**WHAT THE TASK ASKS**: What is needed is an exact repetition of the lines below, from the first one through the one holding "Ola Прокладки ежедневные", with no pictures and nothing else.

**DATASET EXCERPT**:
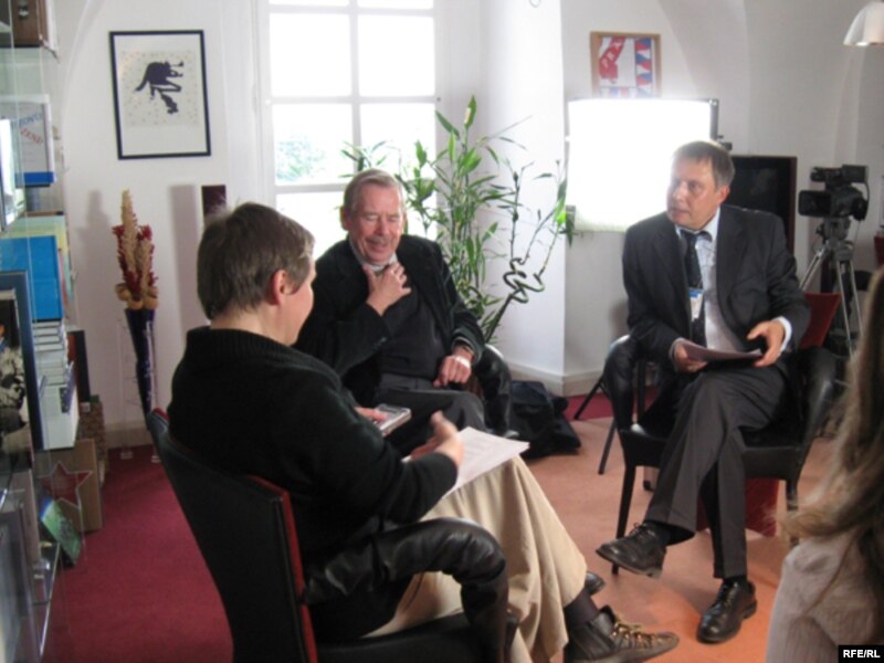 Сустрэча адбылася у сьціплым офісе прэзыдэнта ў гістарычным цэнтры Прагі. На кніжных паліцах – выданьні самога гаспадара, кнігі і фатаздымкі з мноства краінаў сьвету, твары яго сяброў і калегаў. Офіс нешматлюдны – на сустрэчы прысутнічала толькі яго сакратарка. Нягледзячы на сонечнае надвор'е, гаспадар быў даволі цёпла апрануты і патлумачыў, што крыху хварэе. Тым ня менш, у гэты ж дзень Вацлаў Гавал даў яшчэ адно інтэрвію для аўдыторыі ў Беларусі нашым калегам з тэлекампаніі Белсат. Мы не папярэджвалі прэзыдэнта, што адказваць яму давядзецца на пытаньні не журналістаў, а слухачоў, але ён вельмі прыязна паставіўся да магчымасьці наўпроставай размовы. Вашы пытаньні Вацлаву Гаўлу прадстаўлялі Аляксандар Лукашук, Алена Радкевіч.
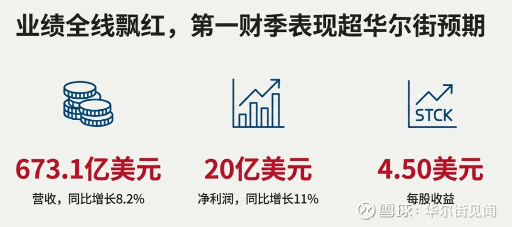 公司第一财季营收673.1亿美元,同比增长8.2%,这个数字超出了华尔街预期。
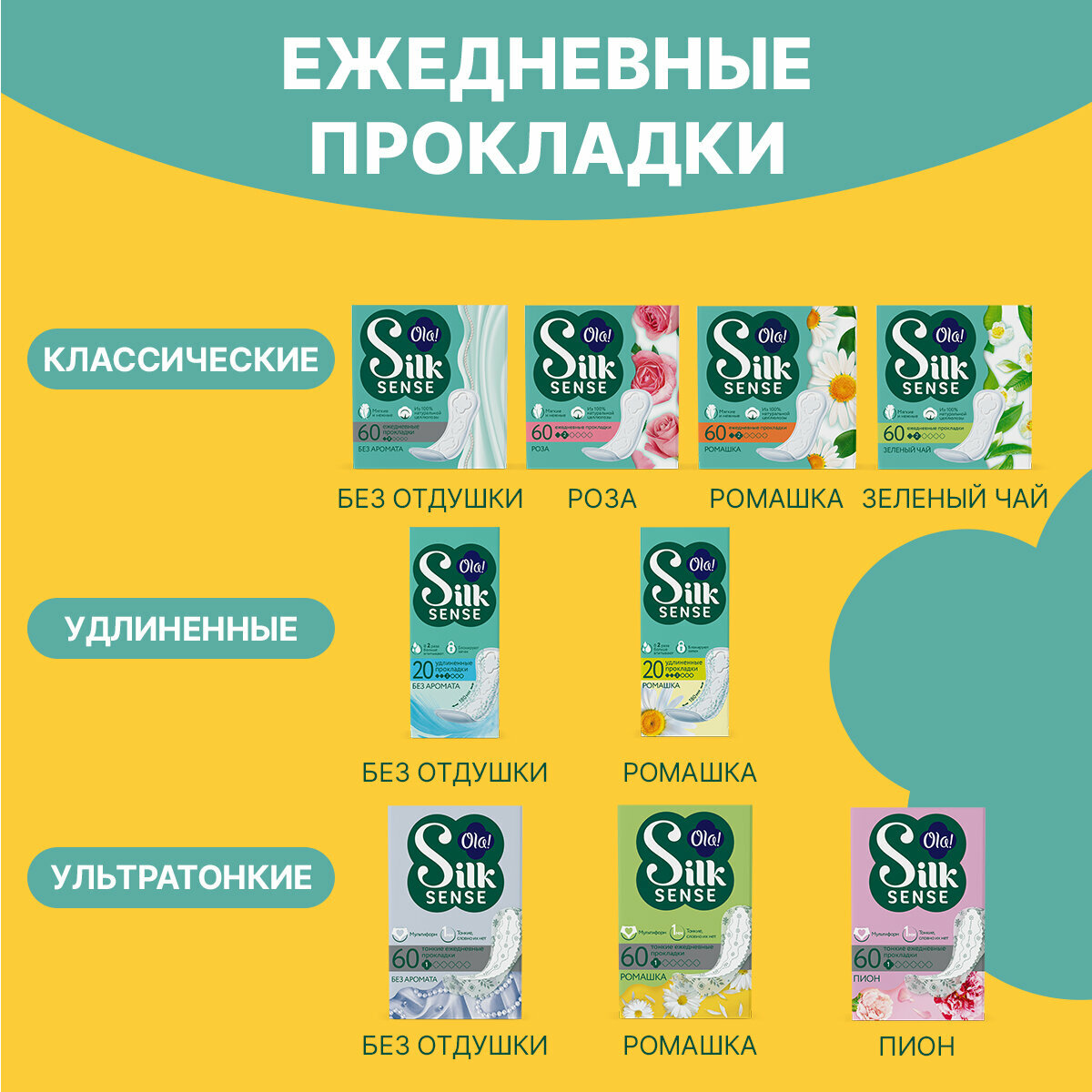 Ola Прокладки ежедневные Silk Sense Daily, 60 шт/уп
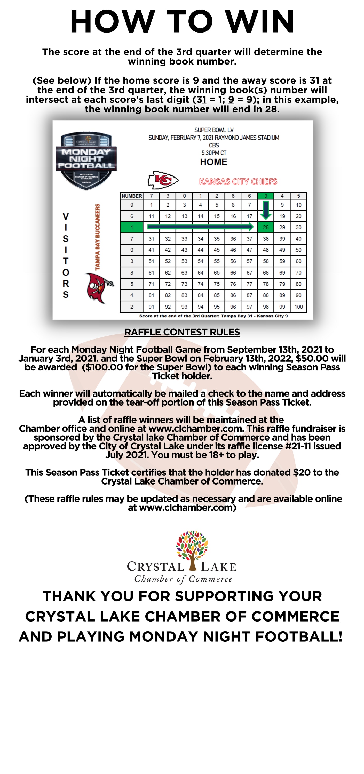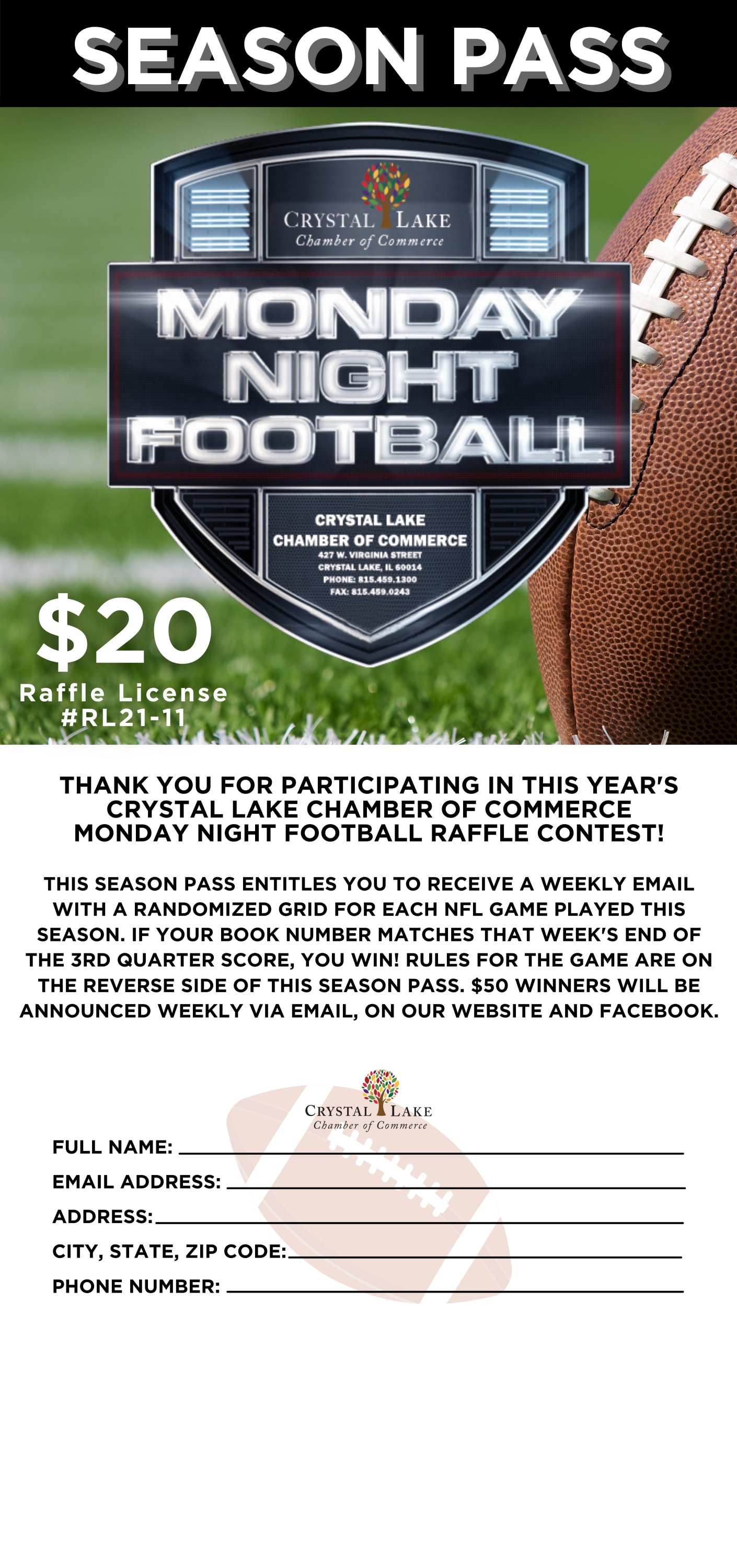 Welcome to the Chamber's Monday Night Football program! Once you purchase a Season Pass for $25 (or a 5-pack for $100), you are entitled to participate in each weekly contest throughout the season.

**RESULT OF THIS TASK**:
 Сустрэча адбылася у сьціплым офісе прэзыдэнта ў гістарычным цэнтры Прагі. На кніжных паліцах – выданьні самога гаспадара, кнігі і фатаздымкі з мноства краінаў сьвету, твары яго сяброў і калегаў. Офіс нешматлюдны – на сустрэчы прысутнічала толькі яго сакратарка. Нягледзячы на сонечнае надвор'е, гаспадар быў даволі цёпла апрануты і патлумачыў, што крыху хварэе. Тым ня менш, у гэты ж дзень Вацлаў Гавал даў яшчэ адно інтэрвію для аўдыторыі ў Беларусі нашым калегам з тэлекампаніі Белсат. Мы не папярэджвалі прэзыдэнта, што адказваць яму давядзецца на пытаньні не журналістаў, а слухачоў, але ён вельмі прыязна паставіўся да магчымасьці наўпроставай размовы. Вашы пытаньні Вацлаву Гаўлу прадстаўлялі Аляксандар Лукашук, Алена Радкевіч.
 公司第一财季营收673.1亿美元,同比增长8.2%,这个数字超出了华尔街预期。
 Ola Прокладки ежедневные Silk Sense Daily, 60 шт/уп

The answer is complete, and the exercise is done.